■ **WHAT YOU WILL DO**
Reproduce exactly the lines of the material beneath, from the line that contains "Coral Orange Love" to the line that contains "2016 TOYOTA COROLLA L", both included, and no other lines.

■ **EXTRACTED INFORMATION**
※

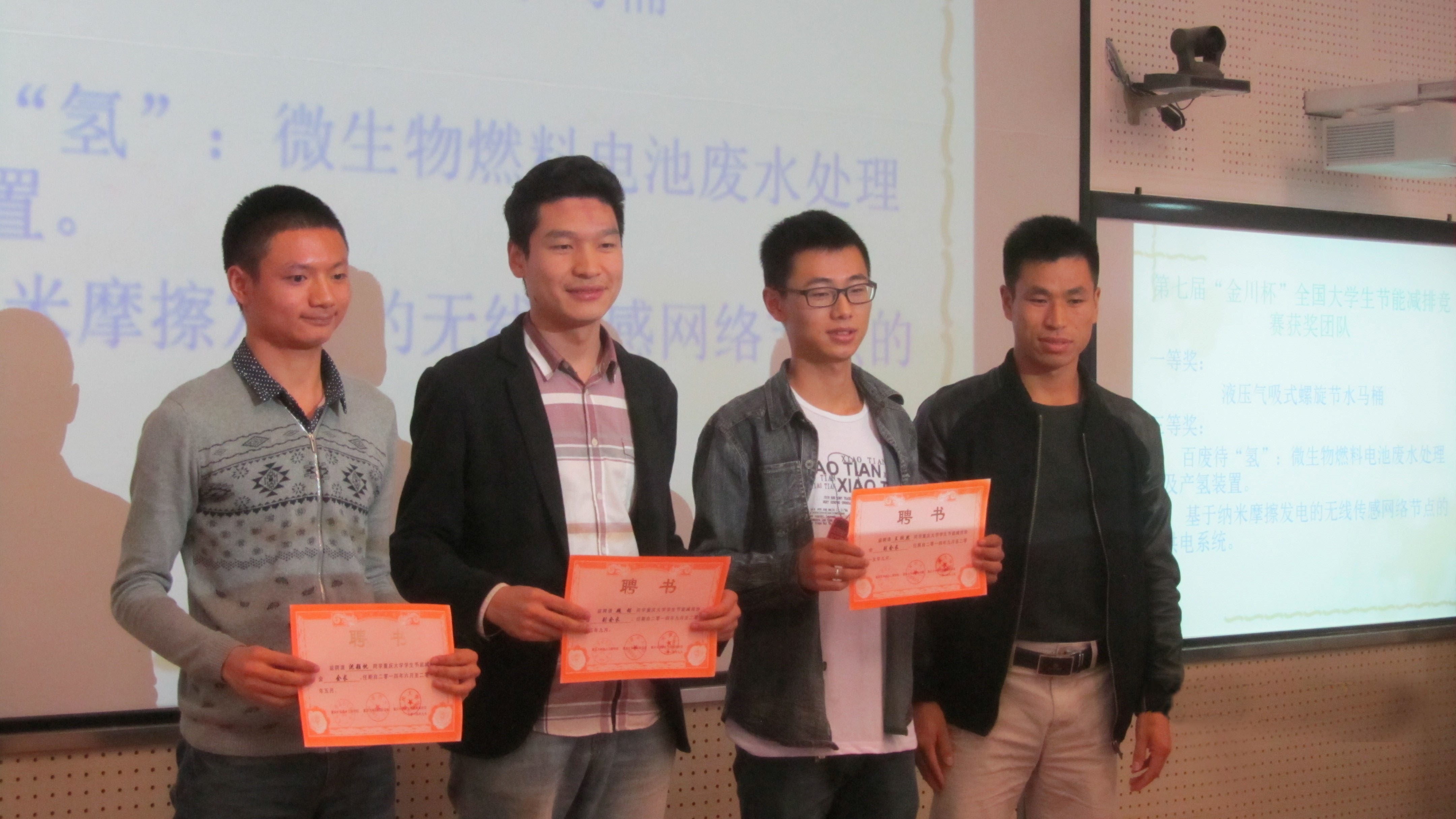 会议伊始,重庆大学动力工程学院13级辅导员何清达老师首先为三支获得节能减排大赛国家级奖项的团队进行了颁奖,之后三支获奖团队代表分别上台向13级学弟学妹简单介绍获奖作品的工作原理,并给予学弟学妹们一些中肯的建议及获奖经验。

※

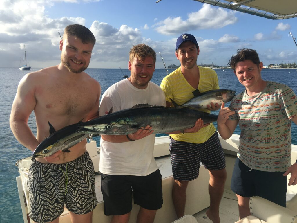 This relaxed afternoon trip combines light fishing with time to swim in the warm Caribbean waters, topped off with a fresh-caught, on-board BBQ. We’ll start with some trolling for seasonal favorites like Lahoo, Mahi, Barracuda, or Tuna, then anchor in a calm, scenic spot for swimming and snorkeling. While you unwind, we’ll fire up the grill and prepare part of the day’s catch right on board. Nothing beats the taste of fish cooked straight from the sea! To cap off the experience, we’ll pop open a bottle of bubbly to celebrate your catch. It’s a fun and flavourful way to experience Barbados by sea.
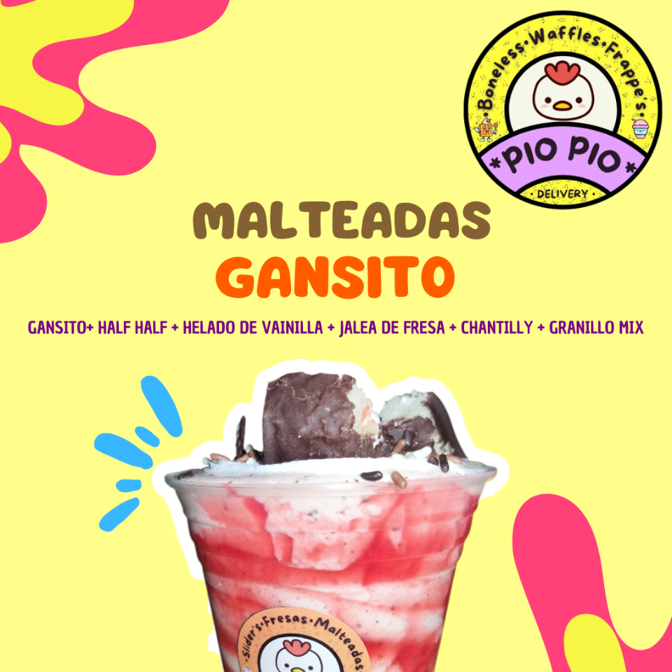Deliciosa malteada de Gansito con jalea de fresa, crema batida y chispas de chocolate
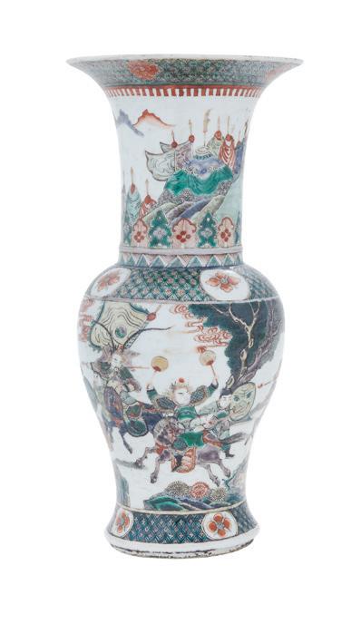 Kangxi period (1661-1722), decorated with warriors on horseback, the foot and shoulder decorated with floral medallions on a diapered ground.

※

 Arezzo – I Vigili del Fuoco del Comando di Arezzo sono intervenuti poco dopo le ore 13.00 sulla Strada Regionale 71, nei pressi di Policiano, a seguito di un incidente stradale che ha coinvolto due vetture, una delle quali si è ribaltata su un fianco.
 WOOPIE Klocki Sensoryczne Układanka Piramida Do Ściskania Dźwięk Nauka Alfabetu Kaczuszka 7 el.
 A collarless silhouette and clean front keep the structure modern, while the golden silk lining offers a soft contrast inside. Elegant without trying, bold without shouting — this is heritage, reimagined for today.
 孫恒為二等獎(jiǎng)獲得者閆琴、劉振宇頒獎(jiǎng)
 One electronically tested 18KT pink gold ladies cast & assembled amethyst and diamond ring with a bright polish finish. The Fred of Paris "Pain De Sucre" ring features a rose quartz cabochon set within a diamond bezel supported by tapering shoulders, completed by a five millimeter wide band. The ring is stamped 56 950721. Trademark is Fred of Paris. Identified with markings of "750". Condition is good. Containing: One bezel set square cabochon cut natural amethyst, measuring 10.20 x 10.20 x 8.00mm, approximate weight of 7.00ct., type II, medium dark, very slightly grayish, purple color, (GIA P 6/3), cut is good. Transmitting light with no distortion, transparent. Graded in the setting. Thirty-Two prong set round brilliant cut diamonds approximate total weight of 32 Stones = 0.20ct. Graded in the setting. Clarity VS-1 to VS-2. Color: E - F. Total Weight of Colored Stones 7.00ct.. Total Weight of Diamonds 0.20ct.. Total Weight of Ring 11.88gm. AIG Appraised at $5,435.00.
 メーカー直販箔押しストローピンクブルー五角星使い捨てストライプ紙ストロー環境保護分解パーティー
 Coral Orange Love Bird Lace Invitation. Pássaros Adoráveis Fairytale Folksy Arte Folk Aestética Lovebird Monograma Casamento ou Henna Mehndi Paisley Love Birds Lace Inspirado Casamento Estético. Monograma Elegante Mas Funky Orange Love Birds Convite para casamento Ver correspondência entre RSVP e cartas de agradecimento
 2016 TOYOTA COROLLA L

※

■ **ANSWER BOX**
 Coral Orange Love Bird Lace Invitation. Pássaros Adoráveis Fairytale Folksy Arte Folk Aestética Lovebird Monograma Casamento ou Henna Mehndi Paisley Love Birds Lace Inspirado Casamento Estético. Monograma Elegante Mas Funky Orange Love Birds Convite para casamento Ver correspondência entre RSVP e cartas de agradecimento
 2016 TOYOTA COROLLA L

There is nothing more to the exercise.